> [WHAT YOU SHOULD DO]: Print out the data exactly, keeping every image out of it.

══ DATA EXCERPT ══

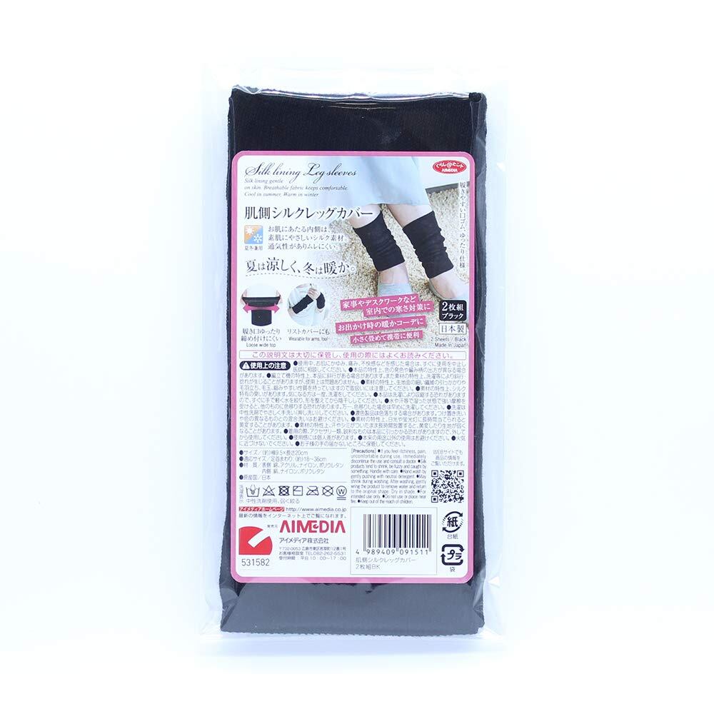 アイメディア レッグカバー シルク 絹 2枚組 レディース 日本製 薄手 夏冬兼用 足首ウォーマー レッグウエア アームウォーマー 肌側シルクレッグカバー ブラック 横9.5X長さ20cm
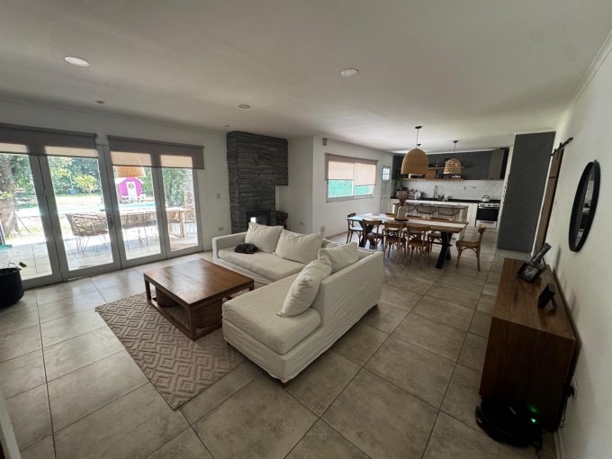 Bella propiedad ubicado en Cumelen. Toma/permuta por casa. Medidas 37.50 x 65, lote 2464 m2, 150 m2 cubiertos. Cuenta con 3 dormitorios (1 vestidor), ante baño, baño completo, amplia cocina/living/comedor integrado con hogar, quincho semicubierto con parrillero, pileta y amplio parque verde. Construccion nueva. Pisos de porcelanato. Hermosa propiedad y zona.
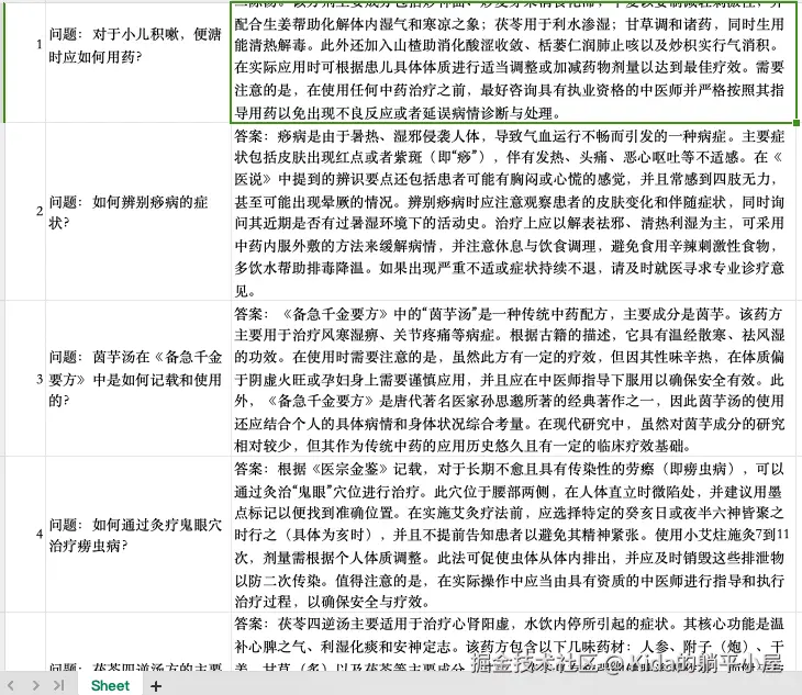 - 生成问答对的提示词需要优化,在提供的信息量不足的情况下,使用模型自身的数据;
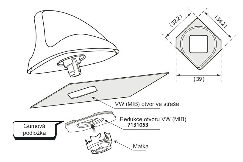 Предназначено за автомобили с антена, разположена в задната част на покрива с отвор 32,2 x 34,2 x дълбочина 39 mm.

═══

> [SOLUTION FOR THIS TASK]:
 アイメディア レッグカバー シルク 絹 2枚組 レディース 日本製 薄手 夏冬兼用 足首ウォーマー レッグウエア アームウォーマー 肌側シルクレッグカバー ブラック 横9.5X長さ20cm
 Bella propiedad ubicado en Cumelen. Toma/permuta por casa. Medidas 37.50 x 65, lote 2464 m2, 150 m2 cubiertos. Cuenta con 3 dormitorios (1 vestidor), ante baño, baño completo, amplia cocina/living/comedor integrado con hogar, quincho semicubierto con parrillero, pileta y amplio parque verde. Construccion nueva. Pisos de porcelanato. Hermosa propiedad y zona.
 - 生成问答对的提示词需要优化,在提供的信息量不足的情况下,使用模型自身的数据;
 Предназначено за автомобили с антена, разположена в задната част на покрива с отвор 32,2 x 34,2 x дълбочина 39 mm.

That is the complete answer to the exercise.